__YOUR INSTRUCTIONS__. Go to the line below containing "Дополнительно предусмотрено нижнее" and print exactly from there through the line containing "万千军马齐嘶,尘土飞扬,吕公", both included. Print nothing else.

__EXERCISE INPUTS__.
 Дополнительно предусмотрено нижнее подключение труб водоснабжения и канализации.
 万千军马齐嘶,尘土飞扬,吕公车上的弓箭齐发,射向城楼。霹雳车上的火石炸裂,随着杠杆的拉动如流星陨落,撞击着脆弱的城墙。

---

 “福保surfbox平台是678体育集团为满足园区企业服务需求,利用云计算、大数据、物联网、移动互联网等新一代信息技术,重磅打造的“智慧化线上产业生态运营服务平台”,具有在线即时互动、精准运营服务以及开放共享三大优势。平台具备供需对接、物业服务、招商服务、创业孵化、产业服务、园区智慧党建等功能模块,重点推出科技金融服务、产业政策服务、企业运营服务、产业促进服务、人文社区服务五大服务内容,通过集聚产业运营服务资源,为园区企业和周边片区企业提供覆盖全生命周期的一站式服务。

__YOUR RESPONSE__.
 Дополнительно предусмотрено нижнее подключение труб водоснабжения и канализации.
 万千军马齐嘶,尘土飞扬,吕公车上的弓箭齐发,射向城楼。霹雳车上的火石炸裂,随着杠杆的拉动如流星陨落,撞击着脆弱的城墙。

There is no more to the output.